New South Wales Heritage Register
- Official name: The Captain Thunderbolt Sites – Thunderbolt's Rock; Split Rock; Big Rock
- Type: State heritage (landscape)
- Designated: 20 July 2012
- Reference no.: 1889
- Type: Geological site or area
- Category: Landscape – Natural

= Captain Thunderbolt's Rock =

Thunderbolt's Rock is a heritage-listed rock and now picnic site and tourist attraction located adjacent to the New England Highway in Uralla, a town in the New England region of New South Wales, Australia. It is also known as Split Rock and Big Rock. The property is owned by Uralla Shire Council. It is one of a group of historic sites labelled The Captain Thunderbolt Sites for their association with bushranger Captain Thunderbolt, along with Blanch's Royal Oak Inn, Captain Thunderbolt's Death Site, and Captain Thunderbolt's Grave. Collectively, all properties were added to the New South Wales State Heritage Register on 20 July 2012.

== History ==
On 27 October 1863, less than three months after escaping from Cockatoo Island, Fred Ward and Fred Britten lay in wait for the mail at Split Rock. Due to the increase in bushranging a police escort accompanied the mail to Uralla. The bushrangers were surprised by Sergeant Stephen Grainger and Senior Constable Reynolds.

A shootout ensued with the bushrangers escaping through the boggy ground of Church Gully (south of Thunderbolt's Rock). During the escape Fred Ward was shot through the back of the left knee and was later given medical assistance by a team of saw-pit men who confirmed the injury. Differing accounts were provided of who actually shot Fred Ward; Grainger or Reynolds.

Seven years later Split Rock was to provide the first setting for Thunderbolt's last hold-up and final day. On the afternoon of 25 May Thunderbolt met the Blanchs at Split Rock, robbed them and then accompanied the pair back to their Inn.

Thunderbolt's Rock provides an excellent vantage point to survey the surrounding countryside and in the bushranging career of Fred Ward is in the vicinity of many of his robberies. It is unknown when the name of the site was changed from Split Rock to Thunderbolt's Rock but this change reflects the connection of this site with Captain Thunderbolt both physically and within the psyche of the local community.

== Description ==
Thunderbolt's Rock is a huge cluster of granite rocks located approximately 7 km south of Uralla on the New England Highway.

=== Condition ===

As at 5 April 2012, good, although the site is heavily covered with graffiti.

The integrity of the rock is high.

=== Modifications and dates ===
There is a small carpark and picnic table located behind the rocks

== Heritage listing ==
As at 5 April 2012, Thunderbolt's Rock (originally known as Split Rock or Big Rock) contributes to the State significance of the Captain Thunderbolt sites as one of the first sites associated with the transition of Frederick Ward from escapee to bushranger after his escape from Cockatoo Island in 1863.

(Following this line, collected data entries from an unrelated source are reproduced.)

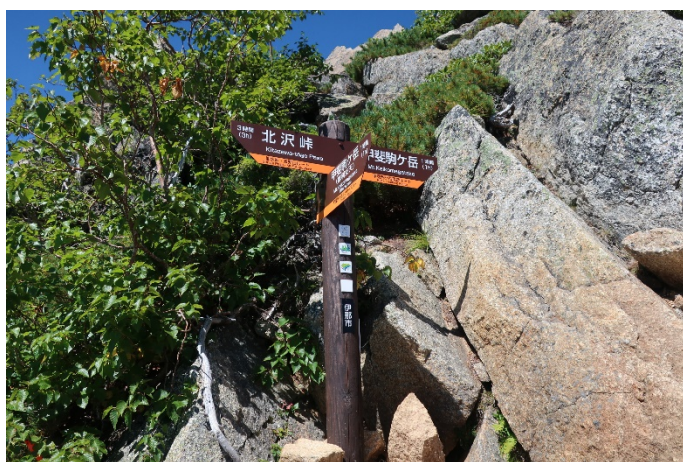
直登コース分岐 直登コースは急すぎて、また、長くて 登る気がしない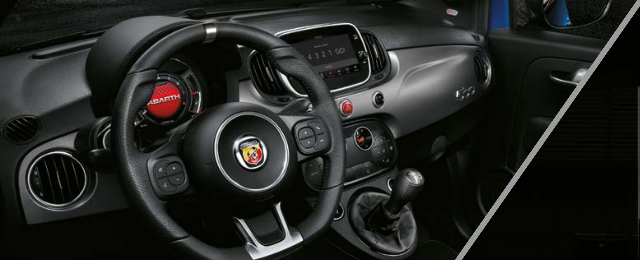
Planche de bord gris mat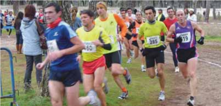
Los atletas recorren el circuito del Pinar de Antequera durante la pasada edición.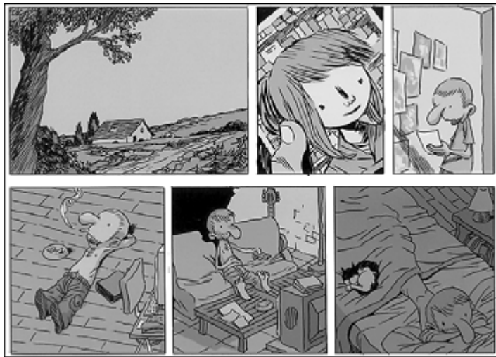
MANU LARCENET / NORMA EDITORIAL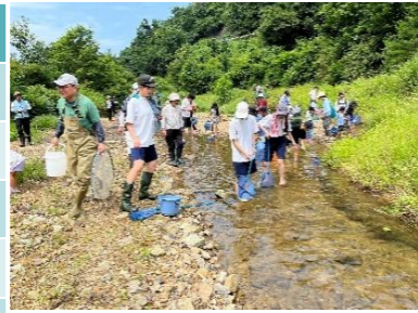
生物と触れ合おう in 自然体験学習の里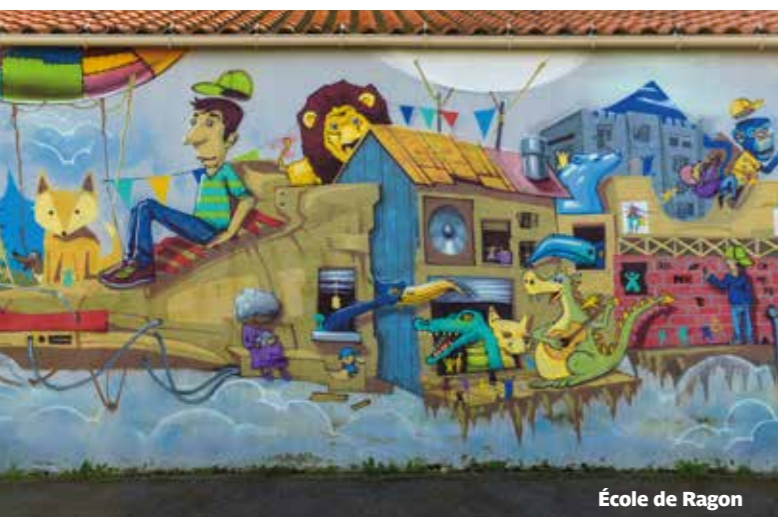
École de Ragon

INFOS – reze.fr (rubrique Pratique/Urbanisme et cadre de vie). Circuit fresques : reze.fr (rubrique La ville/Le territoire/Balades et parcs)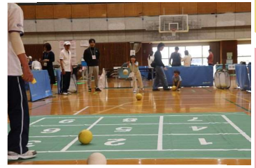
スリーアイズ 1~9のマスのボールを 入れて得点を競おう!

His attempted hold up of the mail at this site in November 1863 led to an altercation with police during which he was shot in the left knee; an event that was to prove important in his identification after his death in 1870. The shooting also is thought to have been an important formative event in the modus operandi of Captain Thunderbolt, preferring to run from, rather than face, police.

Thunderbolt's Rock contributes to the State significance of the Captain Thunderbolt Sites as a site recognised by the public to be associated with Captain Thunderbolt. Captain Thunderbolt is one of New South Wales' best known bushrangers and is well known in the Uralla region of NSW. Thunderbolt's Rock is well marked and is a popular tourist destination.

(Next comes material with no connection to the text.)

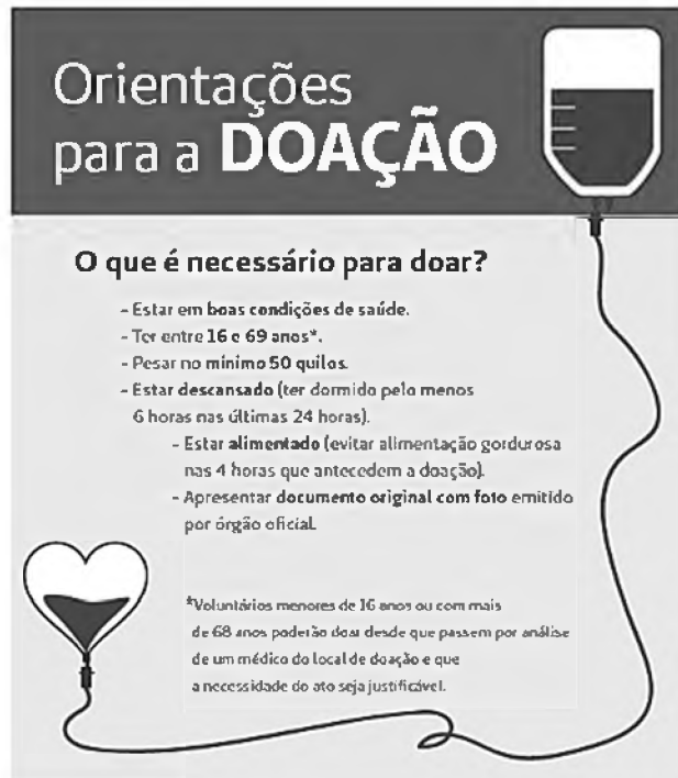
Figura ampliada do Texto 2.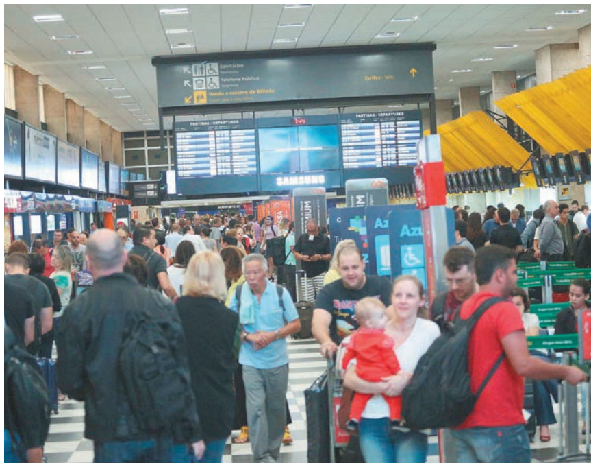
Renato S. Cerqueira/AE

Thunderbolt's Rock contributes to the State significance of The Captain Thunderbolt Sites as being representative of the type of places used by bushrangers to hold up coaches and travellers. Thunderbolt's Rock is an identifiable location of a highway robbery and being a high point provides excellent views of the surrounding countryside. The majority of roadside robberies by bushrangers took place at locations without relocatable landmarks. Aesthetically Thunderbolt's Rock is an impressive landmark on the New England Highway from Uralla to Tamworth.

The Captain Thunderbolt Sites - Thunderbolt's Rock was listed on the New South Wales State Heritage Register on 20 July 2012 having satisfied the following criteria.

The place has a strong or special association with a person, or group of persons, of importance of cultural or natural history of New South Wales's history.

Thunderbolt's Rock contributes to the State significance of the Captain Thunderbolt Sites as the site of the first, and last, instances of highway robbery that Captain Thunderbolt attempted.

The place is important in demonstrating aesthetic characteristics and/or a high degree of creative or technical achievement in New South Wales.

Aesthetically Thunderbolt's Rock is of local significance as an impressive landmark on the road from Uralla to Tamworth.

The place has strong or special association with a particular community or cultural group in New South Wales for social, cultural or spiritual reasons.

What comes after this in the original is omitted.